Ships, Captains, Seaports
The Baltimore Clipper appeared shortly after the Revolutionary War. The designers and architects of the Baltimore Clippers looked to countries whose maritime histories were full of conquest of speed, with and against the wind. They considered the Phoenicians broad-beamed hulls; the Viking hulls that navigated through Scandinavia's icy fjords; and Mediterranean war galleys which moved with low water resistance and speed under sails. In the mid-17th century new designs came from Holland of the first "fore-and-afters" gaff-rigged sails which allowed for quick maneuvering, culminating in the type of vessel commonly called a schooner.
Also of European ancestry was the sloop which was most common in Sweden, France, and Spain. The sloop was a single masted craft with a gaff sail and a fixed bowsprit which allowed for several triangular headsails. Finally, from the turbulent waters of the English Channel, came tall-rigged fishing boats from France and Britain called luggers. These boats were able to combine the sturdiness they needed to survive in rough water with the speed they needed to be competitive.

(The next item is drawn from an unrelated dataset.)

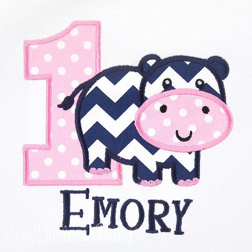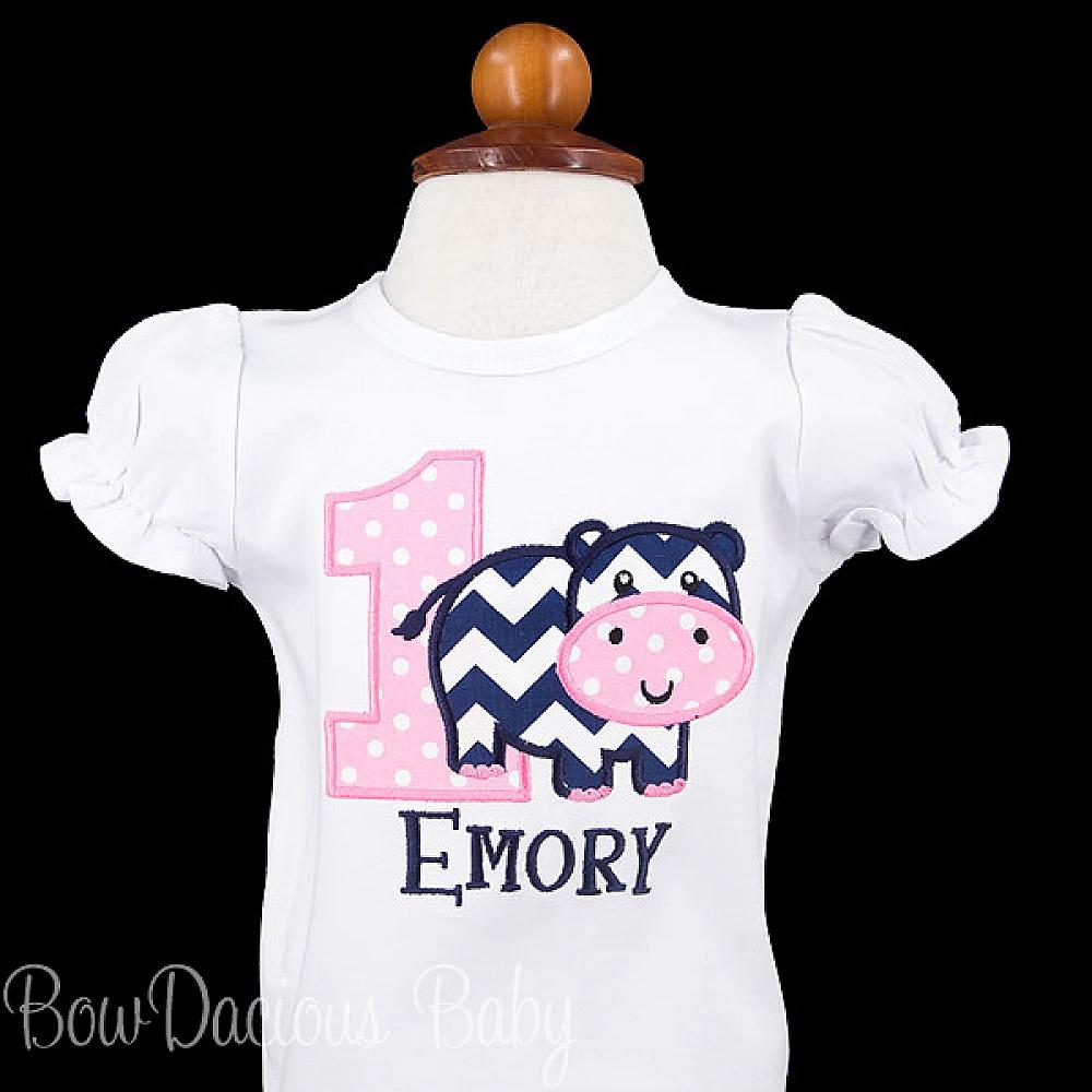 Personalized hippo birthday shirt or onesie. Custom made to your specifications. You pick the fabric, font, and thread colors. Any Age. Add shorts, pants, a coordinating bib or diaper cover to complete the outfit.

These ships, and the design principles used to create them, were the backbone of the Maryland shipbuilding industry for many years. Because of the importance of watercraft on Maryland's economy in the eighteenth century, the Chesapeake Bay was an area of shipbuilding innovations. One such predecessor would be the Chesapeake schooners that were mainstays of the bay industries in the late 1700's. These boats were "sharp built", with a merchant type or fast sailing hull for use in letter of marque service (to engage enemy vessels and take prizes) or for privateering.

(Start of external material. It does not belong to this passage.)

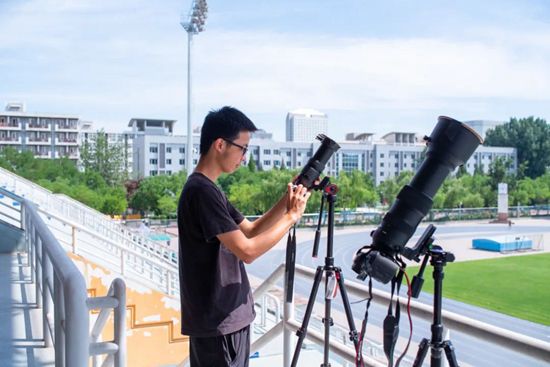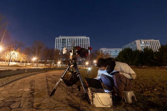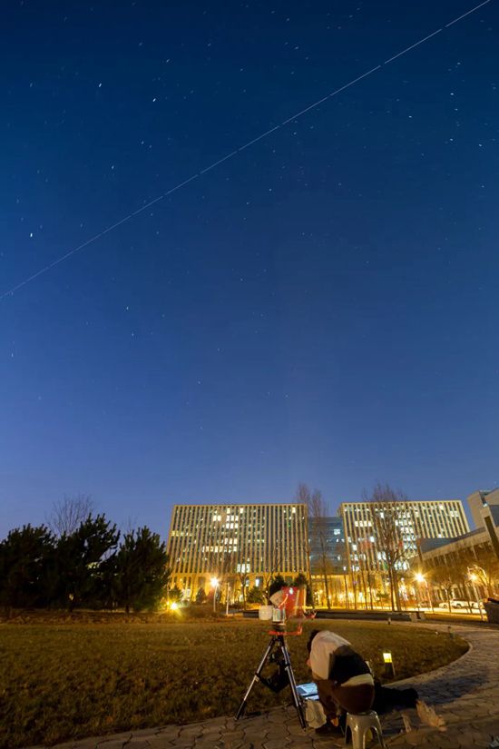 在北航沙河校区内拍摄(白线为中国空间站过境轨迹)

Clippers are said to have originated with the small, swift coastal packet known as the Baltimore clipper, the true clipper evolved first in the U.S. (c. 1833) and later in Britain. The basic concept of the Baltimore Clippers was first seen in the ship Ann McKim, one of the largest and fastest clippers ever to sail. Though no two Balitmore Clippers were ever built to the same dimensions or specifications, they share common bonds:
A long, slim, graceful vessel with a projecting bow, a streamlined hull, and an exceptionally large spread of sail on three tall masts. Clippers carried tea from China and goldminers to California. Famous clippers included the American Flying Cloud and the British Cutty Sark. Though much faster than the early steamships (already in use when the clipper appeared), they were eventually outrun by improved steamship models and largely disappeared from commercial use in the 1870s.
All Clippers were approximately 100 feet in length from stern to bow. Baltimore Clippers had heart shaped midsections with short keels and raking sterns. The undecorated hulls of these ships were black, low-sided, and sharped bowed, leaving the Clippers with minimum freeboard. Quite unlike other ships of the period, the clippers bore no figureheads, headboards or trailboards.

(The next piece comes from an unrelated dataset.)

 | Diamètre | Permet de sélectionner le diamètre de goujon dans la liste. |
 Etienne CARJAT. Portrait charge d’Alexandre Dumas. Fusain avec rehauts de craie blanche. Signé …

A Clipper's mast was further aft on the ship just as the foremast was proportionately taller, therefore allowing a more efficient use of sails.
Baltimore Clippers were often the ship of choice for slavers, smugglers, and West Indian pirate craft. They also carried light cargoes, but Baltimore Clippers received their true recognition for their role in the War of 1812 when Captain Thomas Boyle commanded the Chasseur which was able to capture 45 British merchant ships in a five month period. Because of its impressive performance, it returned home with its new nickname Pride of Baltimore. Chasseur's history is illustrative of the fate of Baltimore Clippers. Just three months after her triumphal return to Baltimore from her exploits against the British Isles, she set sail for Canton, China. According to the super cargo's log of the six month voyage around Africa, through the Indian Ocean, and up the coast of Southeast Asia, she encountered gale force winds, but sailed well. In Canton, she loaded on a cargo of tea, silk, satin, porcelain and other high demand items for the return voyage. Despite deteriorating conditions of the ship, she set a speed record from Canton to the Virginia Capes in 95 days. This Orient-to-America record held for 16 years until it was broken by the clipper Atlantic in 1832. Her cargo of exotic goods sold for a handsome profit for her owners.
Because Clippers could outsail their opponents, Baltimore Clippers were responsible for more than 500 sinkings or seizures of British ships. But after the treaty of Ghent, ending the War of 1812, the uses for the Baltimore Clippers declined in number. They were still known worldwide for their usefulness in trade, both legal and illegal, allowing merchants the speed they needed to be competitive. They went to the West Indies with cargoes of flour and cotton, returning with coffee and sugar.
The Baltimore Clippers faded away to be replaced by larger ships capable of carrying greater cargoes with the same speed as that of the Clippers. In the 1840s a new generation of fast large ships evolved that came to be known as Yankee Clippers or simply Clipper Ships. These were three masted, full-rigged ships, that is, they had square sails on all three masts.